How costly will climate change in the Enriched World be?

Although for years I have emphasised the cost of man-made global warming in the fragile environment of Australia and the dreadful failure for the past thirty years of Australia’s ruling classes to act as if they were interested in maintaining the value of Australia’s environment by preventing greenhouse emissions with a rigid one hundred percent renewable energy policy, I have always thought the impacts on the Enriched World (and even the Tropical World) would not be of any importance.

However, Time this year has shown that the effects of climate change even in the robust environments of North America have the potential to be serious. Last month, when there was still hope for good rains that have been quashed by a bone-dry spell in Victoria that I would rather believe will last forever, Time published an article about drought in the American South and Southwest that made me suspect climate change’s effects could be felt in areas with greatly higher runoff ratios and essentially zero (as against 200-400mm in southern Australia) runoff thresholds. Evidence of extreme patterns of dryness and wetness in the US, as can be seen from last “year”’s rainfall data by state and district, is as with Australia in recent years proof that carbon emissions are chnging the climate immensely.

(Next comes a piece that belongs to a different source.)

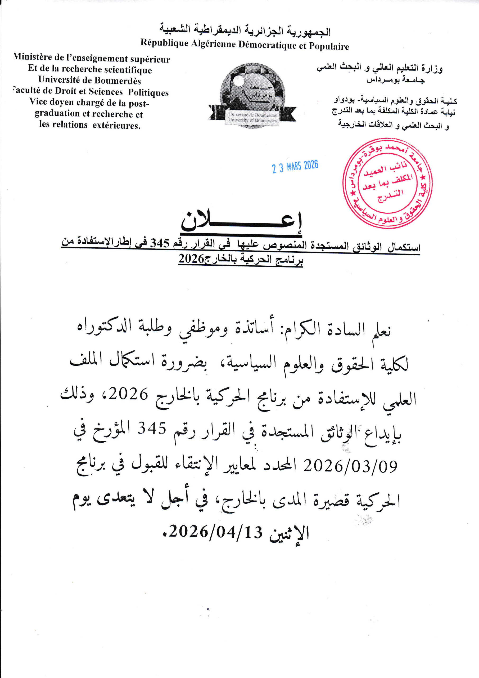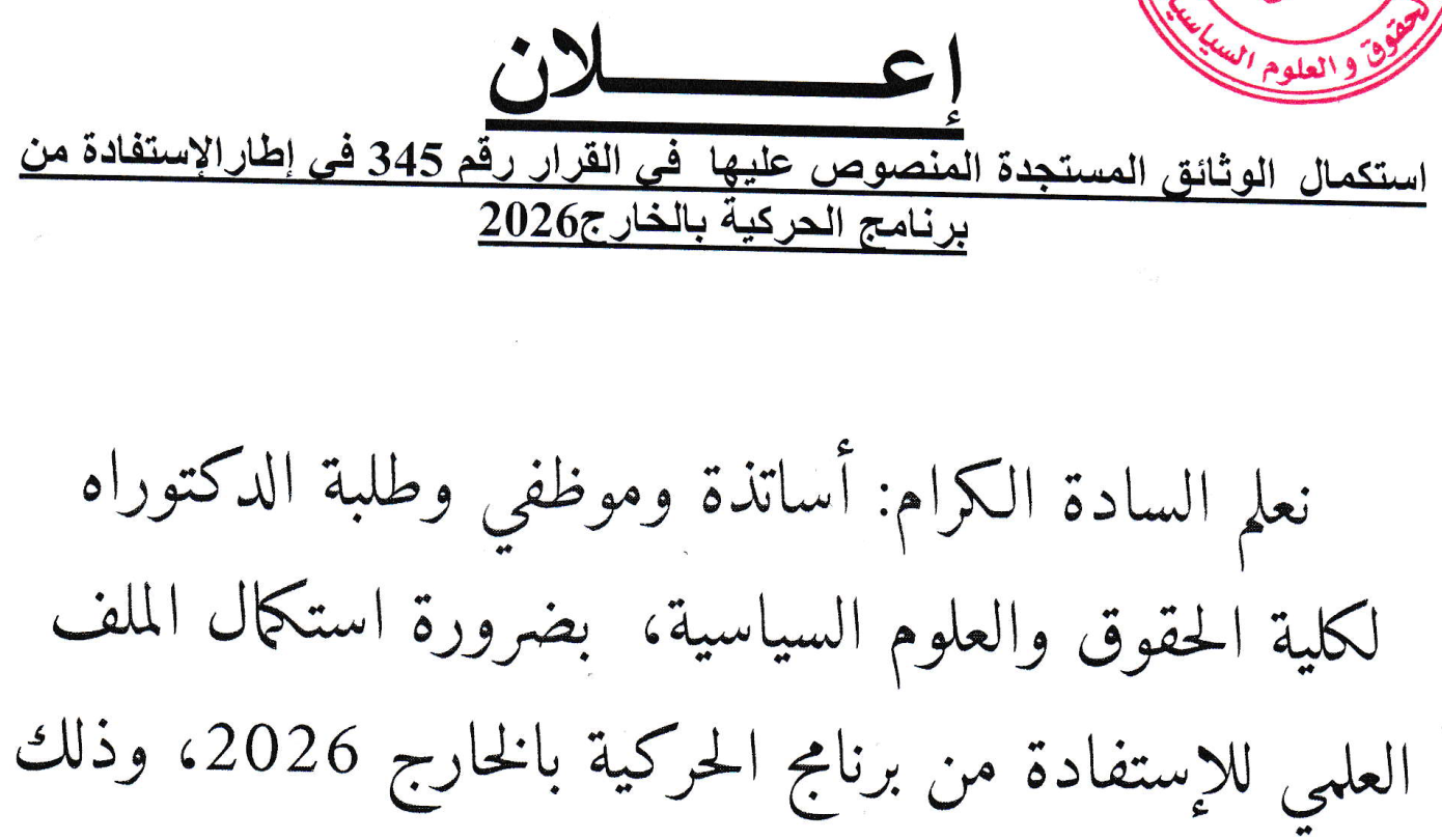 نعلم سيادتكم أنه يمكنكم ايداع ملفات التظاهرات العلمية الدولية، التي تتوفر على الشروط العلمية والتنظيمية التي تضمنتها النصوص الصادرة عن الوزارة الوصية في هذا الشأن، وأهمها: 1- ان تكون ضمن المواضيع ذات الأولوية، لاسيما المتعلقة بالأمن الغذائي، الصحي والطاقوي. 2- إعطاء الصبغة الدولية للتظاهرة …

The way in which the eastern part of the affected region has been affected by a hurricane and flooding is perhaps a suggestion that in the future the American South may acquire the rainfall variability of a tropical region, which as those who understand Central Queensland (which does not even include people in southern Australia) will know, can have drastic effects. At the same time it is these very regions (actually in the hottest parts of the Enriched World) which are gaining people through their more hospitable (less masculinised) cultures as regions further north lose people to high living costs, big government and glaciation-generated lack of mineral resources. A potential problem in these regions is that as hotter regions become drier or harsher, market reforms in cooler regions (which invariably have little land and hence no economic agriculture) could force more production onto hot regions that have even less water than before anthropogenic global warming.

Such a change could make global warming even worse if hotter regions resort to coal-based desalination, since they will either lose soil nutrients from erratic tropical rainfall or become even drier and have to irrigate more with less – and there are limits to what can be done here because crops cannot withstand heat above a certain point. This gives a good reason to try to farm in cooler regions for the future and to try to get around the huge governments: it could mean a lot for the world if sustainable demographics return in cooler regions even without the extreme living standards.